A failure to receive an acknowledgement isn't the only type of data delivery error that can occur. For information about the other types of data delivery errors, see Splunk Data Delivery Errors. Any data delivery error triggers the retry logic if your retry duration is greater than 0.

The following is an example error record.

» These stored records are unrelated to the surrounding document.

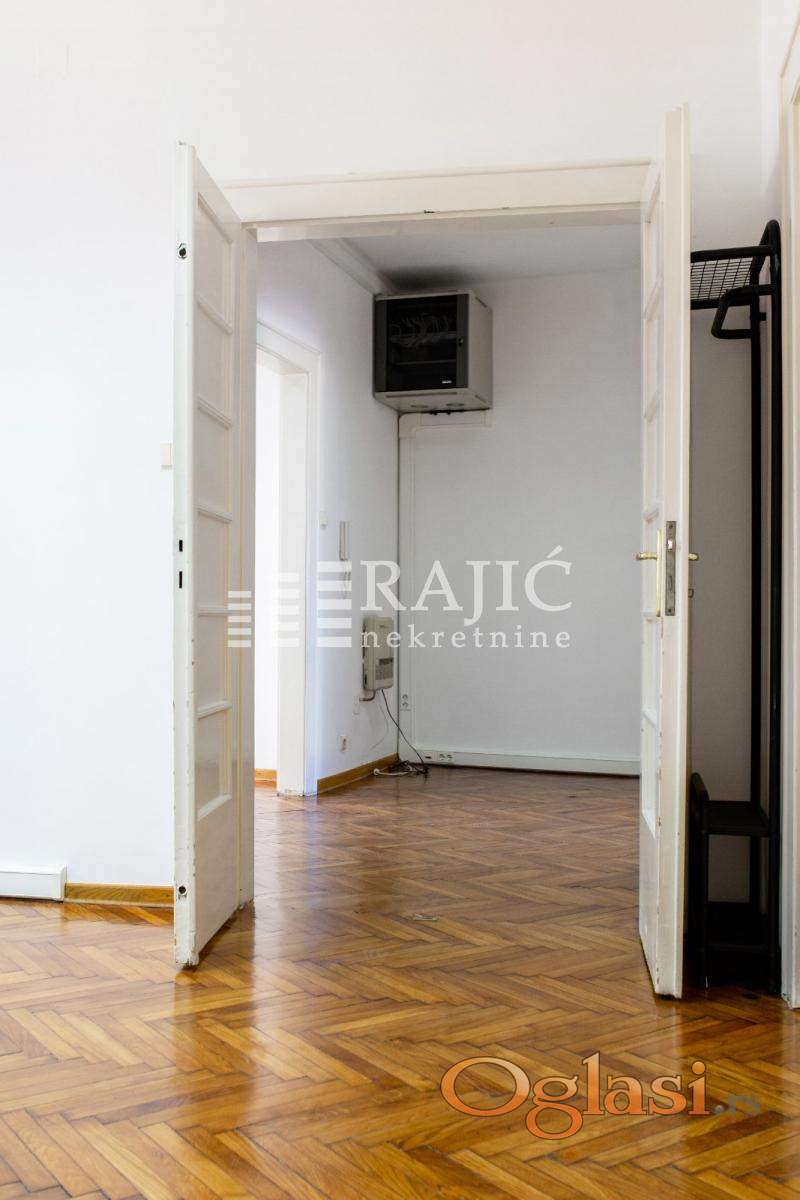 Odličan salonski stan na dobroj lokaciji, pogodan za poslovni prostor. Izdaje se svetao i prostran salonski stan za namenu poslovnog prostora. Prostorije: ulazno predsoblje, tri velike i dve manje prostorije, kuhinja, mokri čvor i zastakljena terasa. Nalazi se na atraktivnom mestu na Savskom trgu sa pogledom na trg i na spomenik. Izdaje se kao nenamešten, a moguće je opremanje kancelarijskim nameštajem. Renoviran,klimatizovan, sa pet telefonskih linija. Zgrada sa mermernim ulazom, interfonom, liftom. Parking je zoniran. Agencijska provizija koju placa ZAKUPAC iznosi: 60 % od prve mesecne zakupnine za zakup u trajanju od 1 do 12 meseci. 75 % od prve mesecne zakupnine za zakup u trajanju od 13 do 59 meseci. 100 % od prve mesecne zakupnine za zakup u trajanju od 60 meseci (5 godina) i vise.
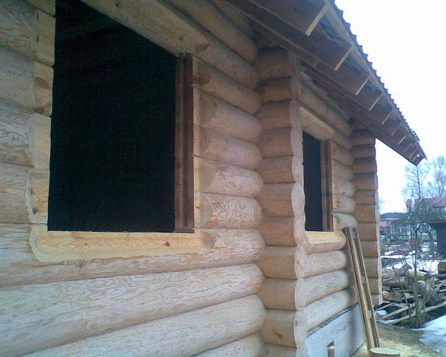 По поводу стен, в которых проемы. Тут все просто. Это классическая рубка "в чашу". В верхнем бревне выбран паз для нижнего бревна, так они прекрасно держатся. Качество рубки очень высокое, да еще сверху фронтоны давят как надо. В оконных и дверных проемах сделан вертикальный паз в который вставляется брусок к которому крепится дверная или оконная коробка.Этот брусок тоже добавляет прочности. Т.ч. за эти стены можно не переживать.
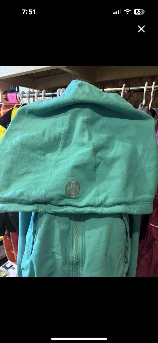 Women's Lululemon scuba hoodie. Size 8. Teal colour. Full zip. Thumbholes. Mesh back detail. Excellent condition.
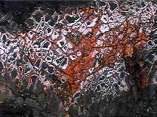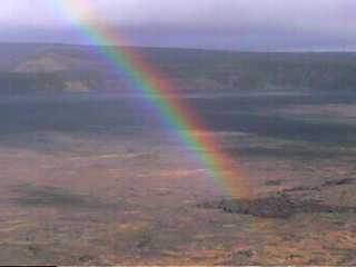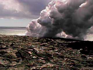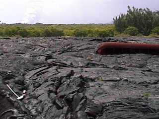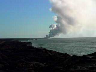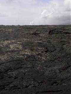Despite discouraging Park Service signs, i took a walk out to where lava (flowing under recent crust) dumps into the ocean. The steam plume is about 3 miles distant...
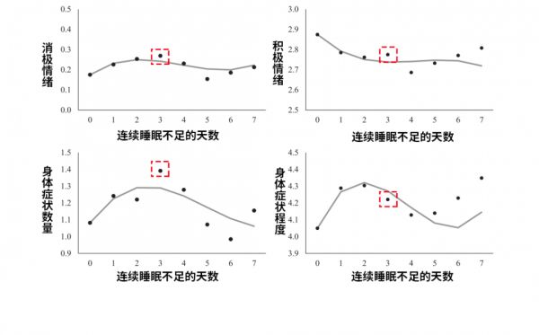 而且随着睡眠不足天数的增多,负性情绪的反馈也会增多,而正性情绪也会随之减少。
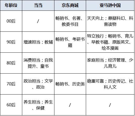 各个年龄段的读者阅读喜好也存在差异。除去各年龄段均爱读的畅销书外,00、90后以学习为主,教辅、考研书籍、原版英文等购买较多;80后肩负家庭与事业,购买图书则以儿童图书、自我提升、经济管理为主;70后人至中年,阅历渐丰,政治、文学、历史等社科类图书便成为心头之爱;60后已知天命,更关注养生保健类图书。
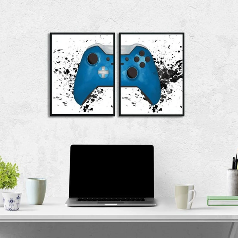 Плакаты и принты Blue Gamepad для игровых мальчиков, настенная Картина на холсте, модульные картины для декора игровой комнаты, подарок для геймера
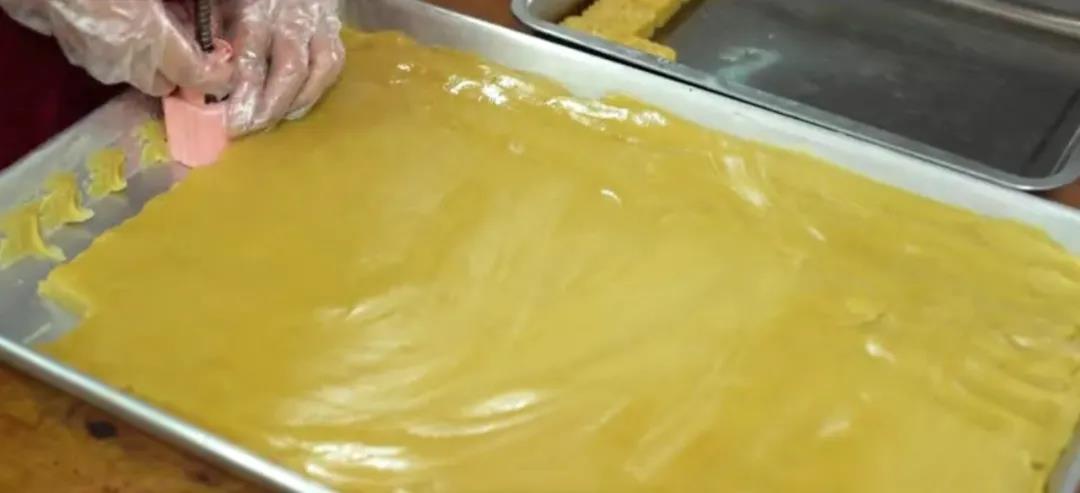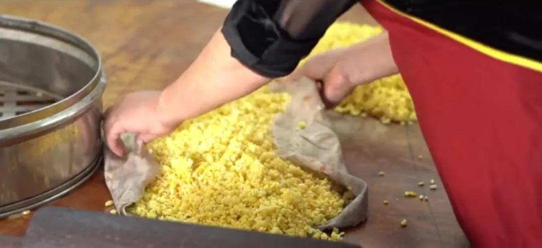 綠豆糕製作過程中,選用大粒飽滿、新鮮的綠豆,十分講究綠豆與白糖的加入順序,先蒸好綠豆再加入糖,保證綠豆糕爽口的口感;也十分講究綠豆泥狀物的細膩程度,攪拌後的綠豆泥狀物一定過篩,過篩後的綠豆細膩,無顆粒,然後壓製成型。
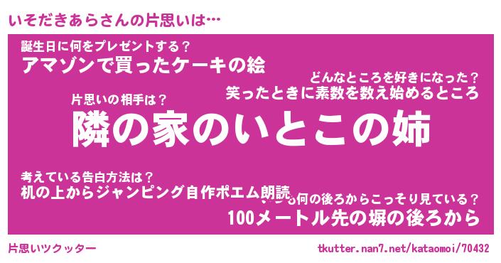 | 胡散臭い通販商品みたいなあだ名 | 『モテモテ間違いなし霊験あらたかなお札…その名も「いそだきあら」』 |
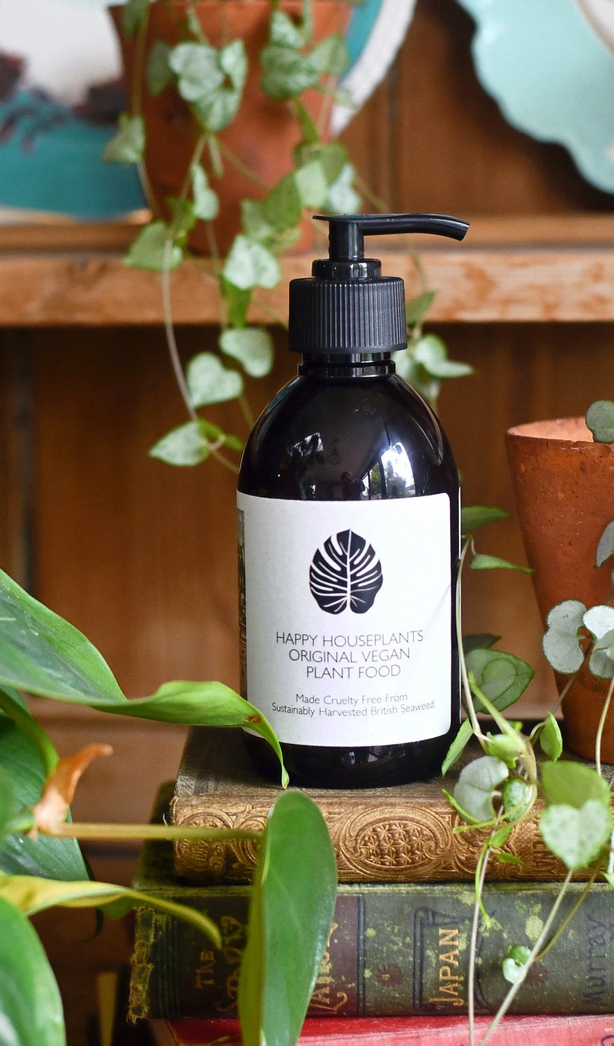 Feed once a month in spring and summer with liquid plant food. Why not try our own vegan, organic plant food?Â
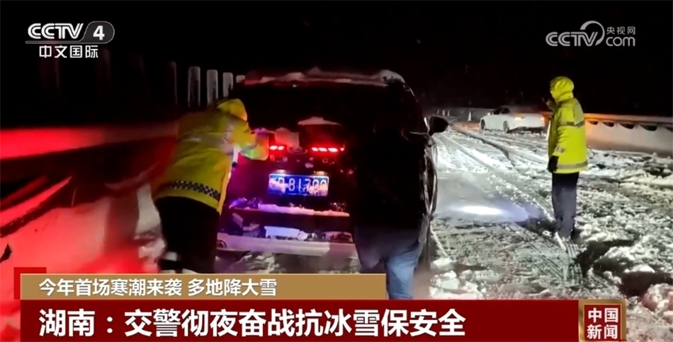 湖南西部、北部以及部分高海拔山區(qū)出現(xiàn)大雪,湖南交警徹夜奮戰(zhàn)抗冰雪,及時(shí)排除險(xiǎn)情,全力以赴保證公路安全暢通。在長芷高速,因上坡路段積雪較深,部分小型汽車被困無法前行,婁底高速警察聯(lián)合司乘人員將百余臺(tái)車輛逐一推上坡道。
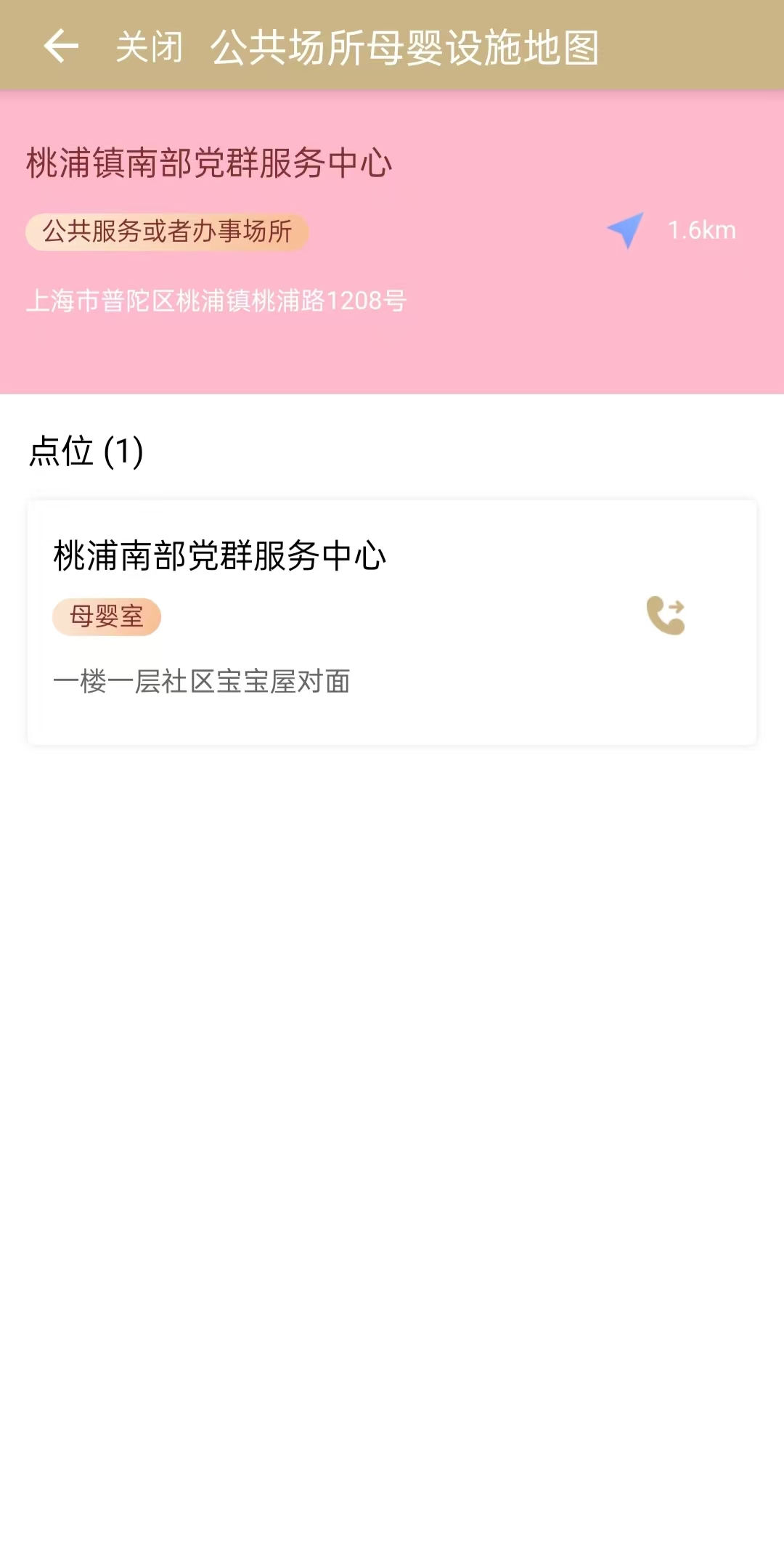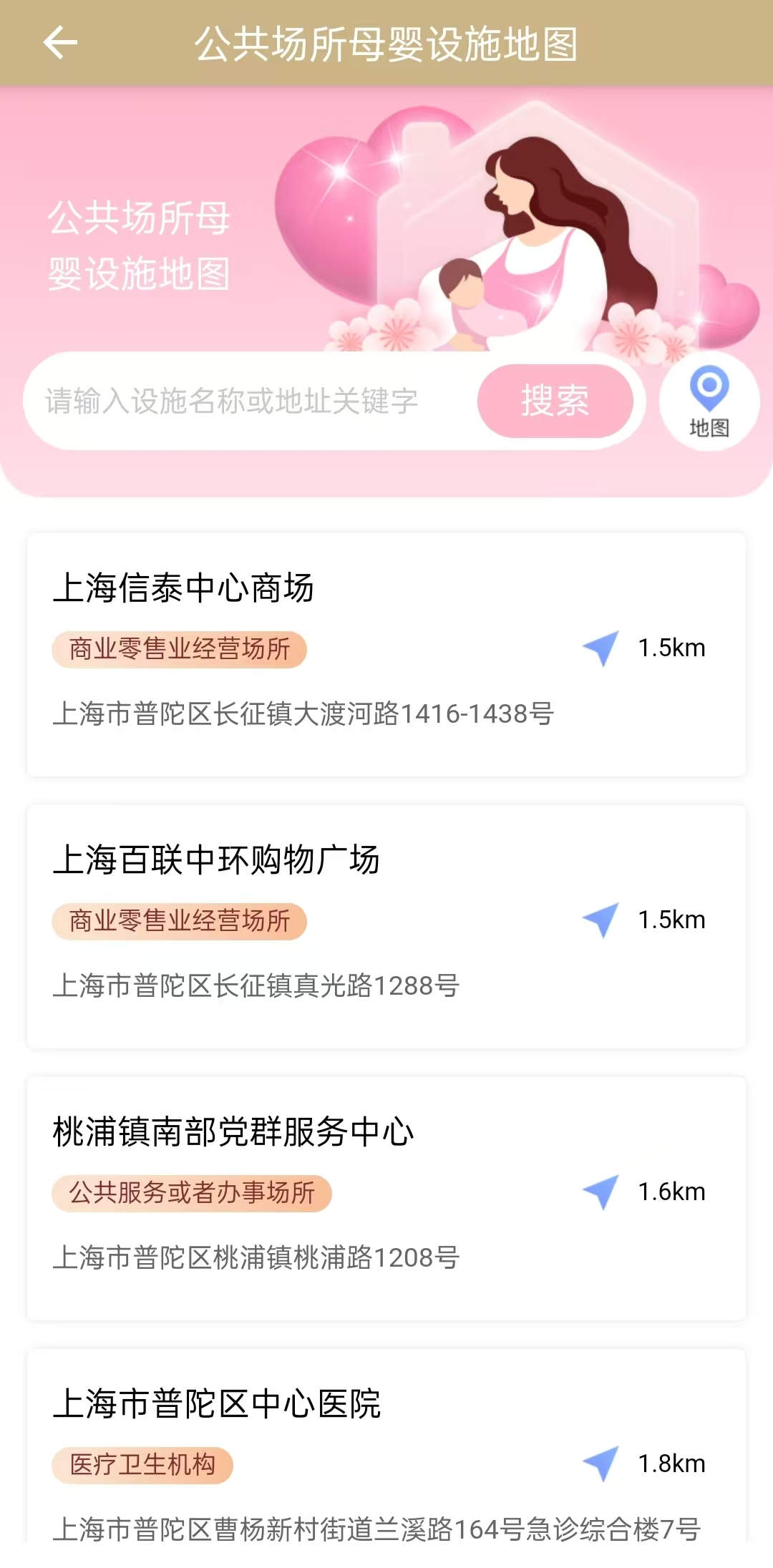 按照提示打开定位后,即可查看位于普陀区的公共场所母婴设施~

{ "attemptsMade": 0, "arrivalTimestamp": 1506035354675, "errorCode": "Splunk.AckTimeout", "errorMessage": "Did not receive an acknowledgement from HEC before the HEC acknowledgement timeout expired. Despite the acknowledgement timeout, it's possible the data was indexed successfully in Splunk. Amazon Data Firehose backs up in Amazon S3 data for which the acknowledgement timeout expired.", "attemptEndingTimestamp": 13626284715507, "rawData": "MiAyNTE2MjAyNzIyMDkgZW5pLTA1ZjMyMmQ1IDIxOC45Mi4xODguMjE0IDE3Mi4xNi4xLjE2NyAyNTIzMyAxNDMzIDYgMSA0MCAxNTA2MDM0NzM0IDE1MDYwMzQ3OTQgUkVKRUNUIE9LCg==", "EventId": "49577193928114147339600778471082492393164139877200035842.0" }
HTTP endpoint destination

When Amazon Data Firehose sends data to an HTTP endpoint destination, it waits for a response from this destination. If an error occurs, or the response doesn’t arrive within the response timeout period, Amazon Data Firehose starts the retry duration counter. It keeps retrying until the retry duration expires. After that, Amazon Data Firehose considers it a data delivery failure and backs up the data to your Amazon S3 bucket.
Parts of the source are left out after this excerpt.